My optic nerves are deteriorated causing certain visual disturbances. Sometimes, I see double. Sometimes, I can't distinguish colors. So take note, never ask me about color matches. Sometimes I have blurred vision. So when you wave at me from afar, I'll wave back but I won't know who you are till you're closer. A black bar floats on my left eye. Everyday. Something that looks like a computer cursor. In order to see or read better, I shift my head from one side to the other. Think this makes me an avid Scripture reader?

MS has deteriorated my ears. Throughout the day, I get shrill microphone-feedback-sounds going on and off. Very distracting.

Pins and needles; what's that? It's what you get when you hit your elbow or when you sit on your leg. No big deal, it's not excruciatingly painful. But very annoying. Something you'd wish would go away. I have pins and needles all over my body right up to the left of my face. All day, all night.

See my walk? My left leg gets disjointed from my hip with increasing frequency. When it comes off the socket and when it's pushed back in, it hurts. On my own, I can't "hold on" to a shoe or a slipper. Normal feet have "suctions." Notice how slippers fly off the feet of toddlers? They haven't developed that "suction." Bet that's something you didn't know. So whenever I wear a shoe, or a slipper, I glue them on. There's not a day I don't glue footwear on me. So when I thank God for fullness of life, don't think of me with the flu, think about me gluing shoes.

Because MS has deteriorated my bladder, I musn't leave the house without a diaper. I end up checking periodically if my diaper has bunched up in the back. Wherever we go, Omy and I check where the bathroom is. I often wonder, will this be the night or day my bowel control goes on a blackout? I carry an emergency bag with extra clothing items, soap, lysol, and paper towels. Do you think this indignity fires up my zeal?
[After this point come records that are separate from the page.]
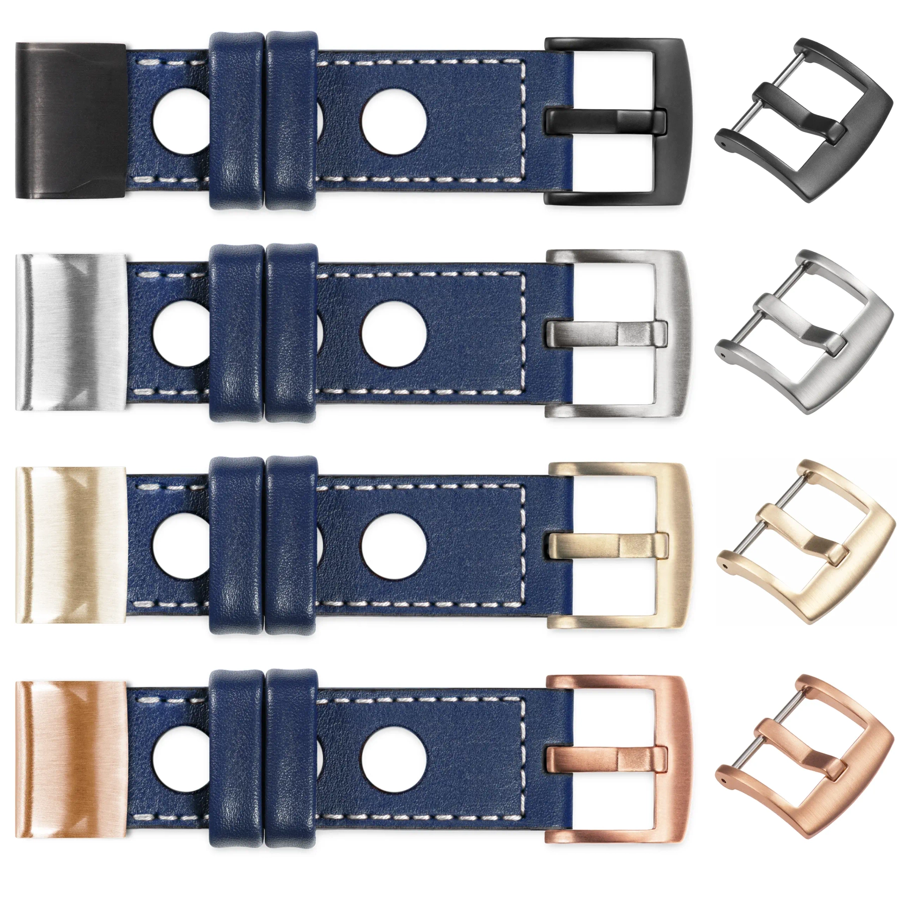 We make premium leather straps for Garmin QuickFit 26mm (Fenix / Epix / Quatix / Tactix / Enduro - 51mm) in many different configurations. If the default buckle and adapter (Silver) needs to be changed to a different color - we offer the following options:
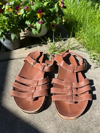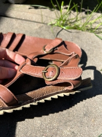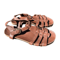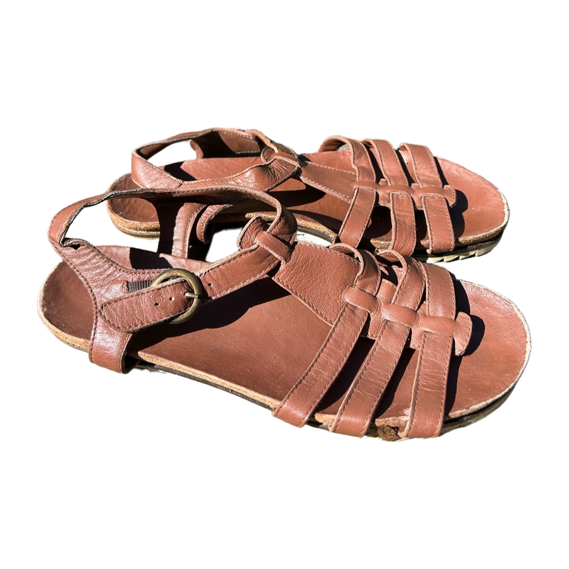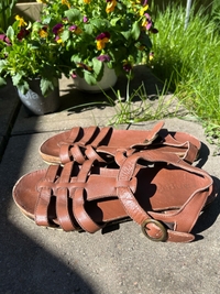 Ruskeat nahkasandaalit, säädettävä solki, käytetyt.
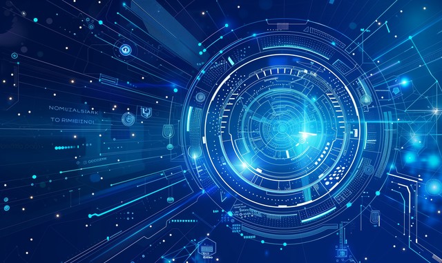 高科技数字技术概念,电子芯片,蓝色背景下的计算机技术插图,抽象的未来主义设计。
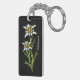 Lovely key chain with graphics of the white Alpine flower called Edelweiss, set on a black background. White custom text, running up the left side, is ready to personalise. Great gift idea.
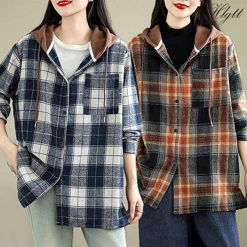 [헬리꽁땡](55~88)2종세트 글로리체크후드셔츠 롱셔츠 오버핏 여성블라우스 롱티 박스티 여성긴팔셔츠 여..
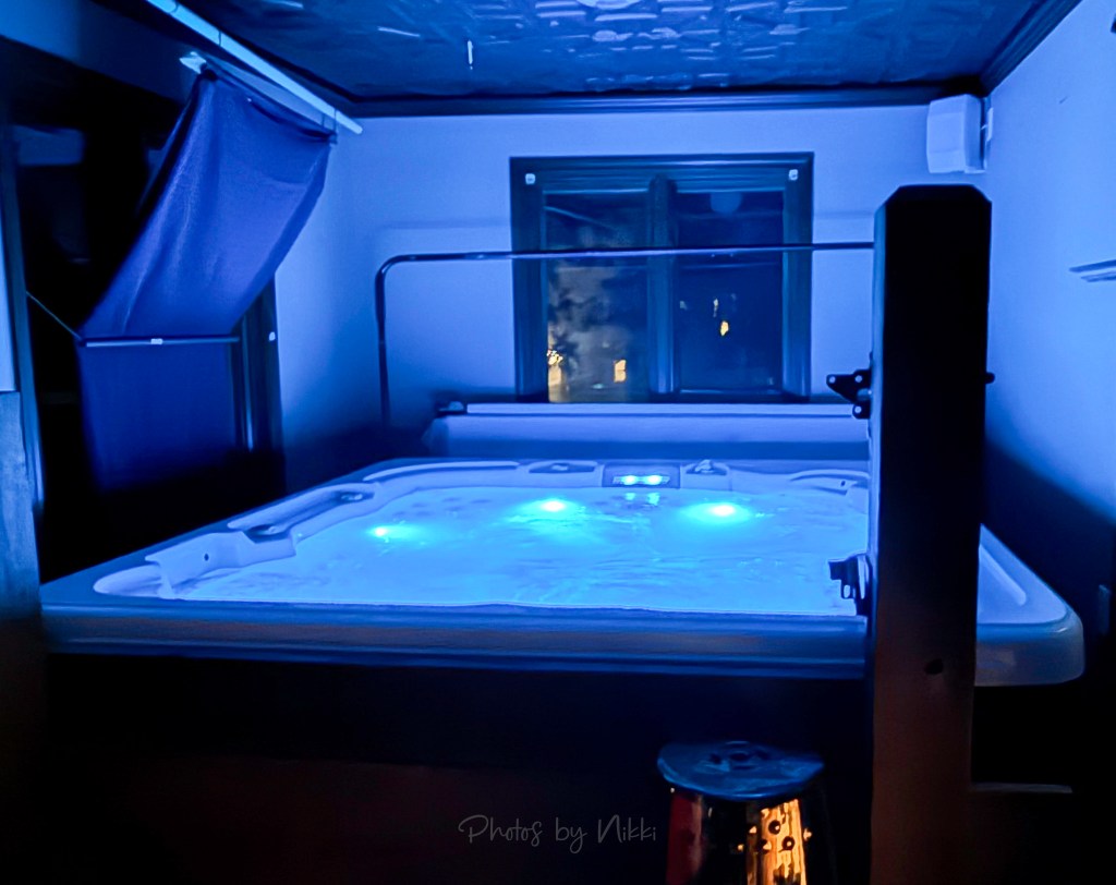 Inside the master bedroom, the hot tub was bathed in blue light that felt like a dream. The glow reflected on the walls and water, wrapping the space in a calm vibe. It was the perfect place to unwind and soak away the travel miles.
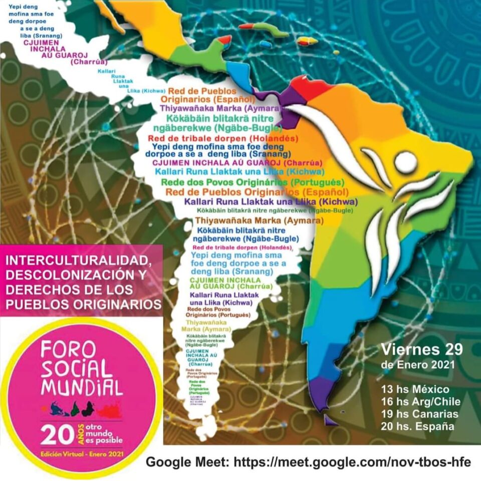 La Red de Pueblos Originarios del 5to Foro Humanista Latinoamericano, este viernes 29 de enero participará del Foro Social Mundial 2021 con un Conversatorio denominado «Interculturalidad, Descolonización y Derechos de los Pueblos Originarios», con disertantes de Argentina, México e Is. Canarias, en el cual se expondrán algunas descripciones de la situación actual de los Pueblos Originarios de distintas regiones de Latinoamérica y las Islas Canarias, como así también algunas propuestas que se han comenzado a elaborar en el marco del 5to. Foro Humanista Latinoamericano para compartirlas y ampliarlas en ocasión del FSM 2021, dándole continuidad y amplitud a los aspectos abordados por la Red.

Should I describe this more graphically? The possible accident, embarrasses me. Far easier to stay home, or even just live in my bathroom. But when God calls, I get up and go. Not that I'm thrilled. If I cannot trust Him with this concern, what on earth is trust about?

You think what I have is the flu? Think again. Do you think affliction, per se, calibrates commitment? Having wobbly legs, could I possibly develop a love for mounting stairs? Have I ever demanded that prayer meetings be held on first floors for my sake? Or have I insisted that only parlor games be played at fellowships? Do I feel taken for granted? Am I throwing a pity party for myself now? Not at all!

The first year I had MS, God said, "Do what you can, while you can." Shortly later, a word was put forth at an assembly, "If you had but one leg left to serve Me, would you serve Me?" I wept! I knew I was being addressed. I said, "Yes, Lord... I will serve You even if I have only one foot left to do so." And so - drumroll! - here I am. What you've seen in 14 years, is a response to His specific word. It's not to be proud. It's not to lift myself high above you. Or above others who are sick. This is to let everyone know that the Lord has been my strength and that He has lifted me to the Rock that is higher than I. It's no small thing, what He has done.

PS. Merry Christmas. And it's not the flu, ok?